Silent miscalibration. Limits set in config drift from reality. A 100 RPS limit that no one tested in production turns out to let through 400 RPS because the cost calculation was off by 4x. Test limits under load, not just in unit tests.

Headers leaking tenant topology. X-RateLimit-Limit: 1000000 tells the world that this tenant is a big one. Consider whether your rate-limit headers are public-safe, and if not, redact them for unauthenticated requests.

Retries without jitter. Clients hit 429, retry exactly Retry-After seconds later, and coordinate a perfect thundering herd on the next refill. Clients must add jitter. Servers can help by returning slightly randomized Retry-After values.

Inappropriate granularity. Limiting per-IP when the client is behind a corporate NAT means many legitimate users share an IP and the limit is hit by aggregate traffic. Limit per-user or per-API-key, not per-IP, for authenticated requests.

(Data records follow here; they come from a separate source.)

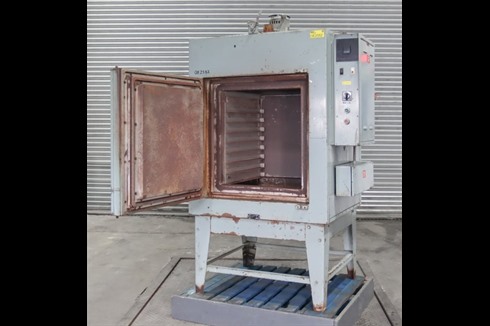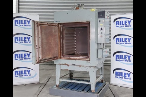 Barlow Whitney air circulated, heavy duty, electric, laboratory box oven suitable for a wide range of industrial heating and drying processes. Note damper controlled natural draft below and roof chamber exhaust.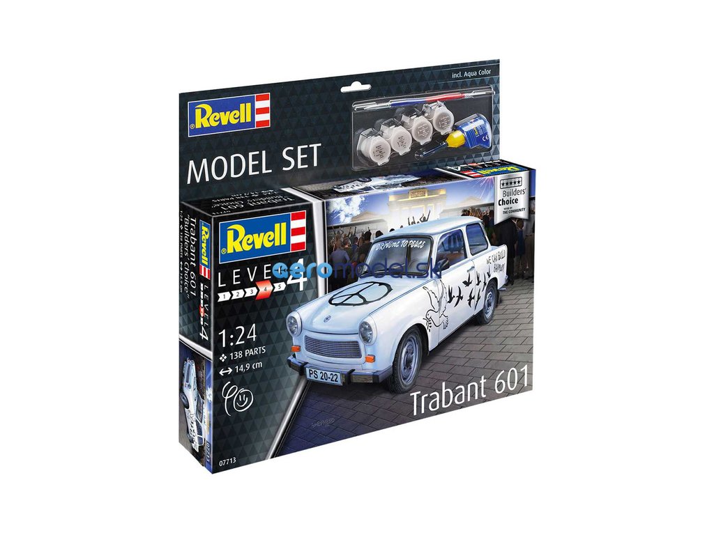 Plastikový model Revell 67713 - auto Trabant 601S v mierke 1:24 na zlepenie. Stavebnica obsahuje 138 dielov, dĺžka 149 mm, obtiažnosť 4.
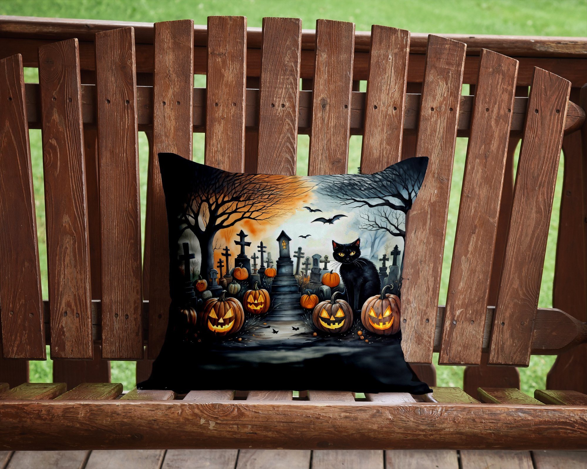 Home > NEW Black Cat Spooky Halloween Throw Pillow Machine Washable, Indoor Outdoor Decorative Pillow for Couch, Bed or Patio, 14Hx14W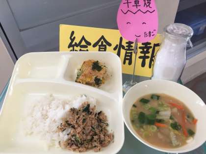 千草焼き、みそ汁、ツナっ葉いため、米飯、牛乳。

Keys that do not TTL. Over months, millions of one-off keys accumulate in Redis and memory grows. The EXPIRE in the Lua script prevents this; verify it is set.

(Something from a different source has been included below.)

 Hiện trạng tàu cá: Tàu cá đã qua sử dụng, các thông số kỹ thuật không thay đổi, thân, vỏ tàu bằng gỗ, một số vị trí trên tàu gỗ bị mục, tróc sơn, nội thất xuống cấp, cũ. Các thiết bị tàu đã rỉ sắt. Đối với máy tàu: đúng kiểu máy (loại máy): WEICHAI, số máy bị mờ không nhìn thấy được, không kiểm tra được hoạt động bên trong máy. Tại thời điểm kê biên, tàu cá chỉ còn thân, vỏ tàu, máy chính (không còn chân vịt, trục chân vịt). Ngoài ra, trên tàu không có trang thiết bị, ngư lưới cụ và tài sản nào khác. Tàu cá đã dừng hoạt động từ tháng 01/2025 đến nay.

Wrong window for anti-abuse. Rate limits for anti-abuse should be on a very short window (seconds) to catch rapid bursts. Rate limits for cost protection should be on a longer window (minutes to days). A single algorithm with one window does not cover both. Stack them.

76.12 The mental model

Eight points to take into Chapter 77:

Rate limiting is cost, capacity, fairness, abuse defense, and SLA enforcement, not just “prevent abuse.” Pick the purpose before picking the algorithm.
Fixed windows have a 2× boundary bug. Use sliding window counters for short windows, fixed for long-horizon quotas.
Token bucket is the best default: clean burst semantics, O(1), intuitive parameters, cost-based cleanly bolts on.
Leaky bucket is a shaper, not a policer — it queues and smooths, good for strict downstream rates.
GCRA is token bucket as a single timestamp. Elegant in distributed settings; less debuggable than token bucket.
Redis is the standard backing store. A Lua script gives you atomic updates in one round trip.
429 with Retry-After and X-RateLimit-* headers is the client contract. SDKs honor it automatically.
Multi-dimensional limits are mandatory for real systems: per-key, per-tenant, per-endpoint, per-cost-unit, stacked.

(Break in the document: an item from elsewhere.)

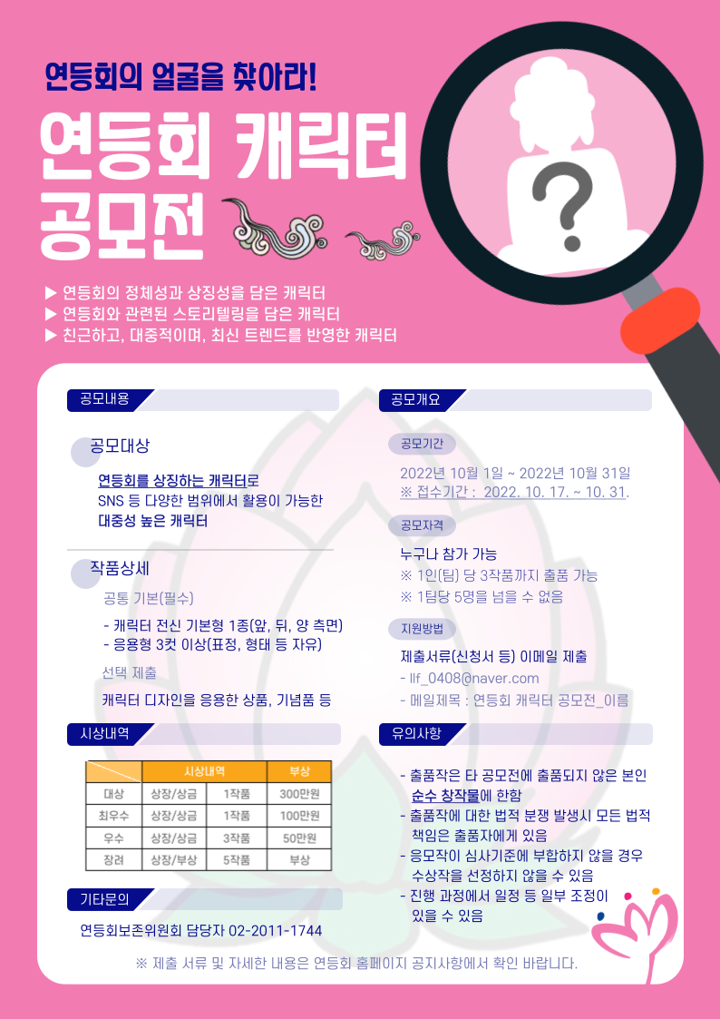 1. 공 모 명 : 연등회 캐릭터 공모전 2. 공모기간 : 2022. 10. 1. \~ 2022. 10. 31.【31일】 *접수기간 : 2022. 10. 17. \~ 2022. 10. 31.【15일】

In Chapter 77 the question shifts from “how do I cap the rate?” to “what happens when demand exceeds capacity?” — the answer is backpressure and queue theory.

Read it yourself

Stripe’s engineering blog, “Scaling your API with rate limiters” — the canonical write-up of token-bucket-based multi-dimensional limits.
Cloudflare’s blog, “How we built rate limiting capable of scaling to millions of domains.”
The redis-cell module README — GCRA as a Redis command.
RFC 6585 — the HTTP 429 Too Many Requests status code definition.
IETF draft-ietf-httpapi-ratelimit-headers — the in-progress standard for unified RateLimit headers.
“The Tail at Scale” by Dean and Barroso — adjacent reading on long-tail latency and why rate limiting interacts with it.

Practice

A client is limited to 100 req/min with a fixed window. Construct a sequence of requests that sends 200 requests in a 2-second span without exceeding the limit in either individual window. Explain the bug.
For a token bucket with capacity=50, rate=5 req/s, a client is idle for 30 seconds then bursts. How many requests go through before the bucket is empty? After the burst, what is the sustained rate?
Write the Redis Lua script from §76.8 from memory. Verify atomicity and correct refill math.
You have a per-tenant limit of 1000 req/min and a per-API-key limit of 100 req/min. A tenant has 20 API keys in use. Can the tenant ever exceed 1000 req/min? Why or why not?
A client hits a rate limit and you return Retry-After: 10. What is the server-side risk if all clients retry at exactly 10 seconds? How do you mitigate it?
Explain when leaky bucket is a better choice than token bucket. Give a concrete production scenario.
Stretch: Implement the token bucket Lua script against a local Redis, wrap it in a tiny HTTP server, and load-test with hey or k6 at 10k RPS. Verify the p99 latency of the rate-limit check stays under 1 ms.